1. What Tokenisation Actually Does in This Context

The transformation step that sits between an enterprise document and an external LLM is, conceptually, simple: identify the elements that can't cross the boundary, replace them with placeholders that preserve their structural role, send the result to the model. In practice, the simplicity hides a set of architectural decisions that determine whether the approach works at production scale or breaks under load.

This article walks through those decisions. It is not a tutorial on a specific library or product. It is the set of choices any team adopting pre-LLM tokenisation has to make explicit, with the trade-offs each choice carries.
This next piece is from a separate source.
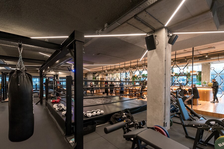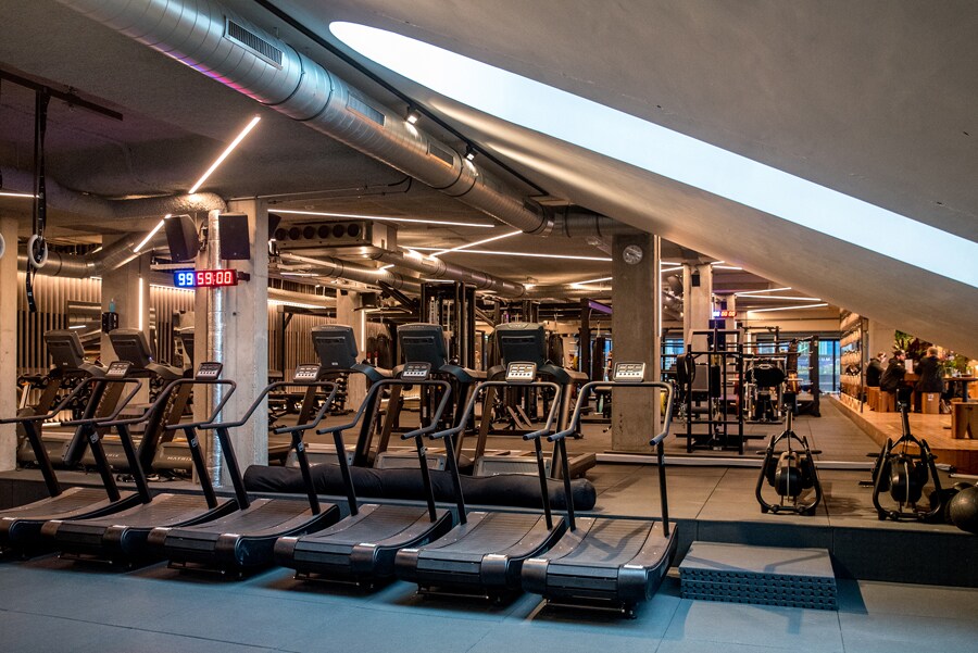 Główna przestrzeń siłowni jest uzupełniona wyeksponowaną strefą gastronomiczną, salą spotkań oraz pomieszczeniami do pilatesu i jogi.

The term tokenisation is used here in the data-protection sense — replacing sensitive values with non-sensitive placeholders that can be mapped back — not in the NLP sense, where it means splitting text into subword units for model input. The two share a word and almost nothing else.

A related note on terminology: in CUBIG's architecture, tokenisation is the core substitution mechanism inside a broader encapsulation layer that also includes detection, format preservation, and optional statistical protections. This article focuses on the tokenisation mechanism specifically — the design decisions are largely the same whether the implementation calls itself tokenisation, encapsulation, or any of the other names used in the field.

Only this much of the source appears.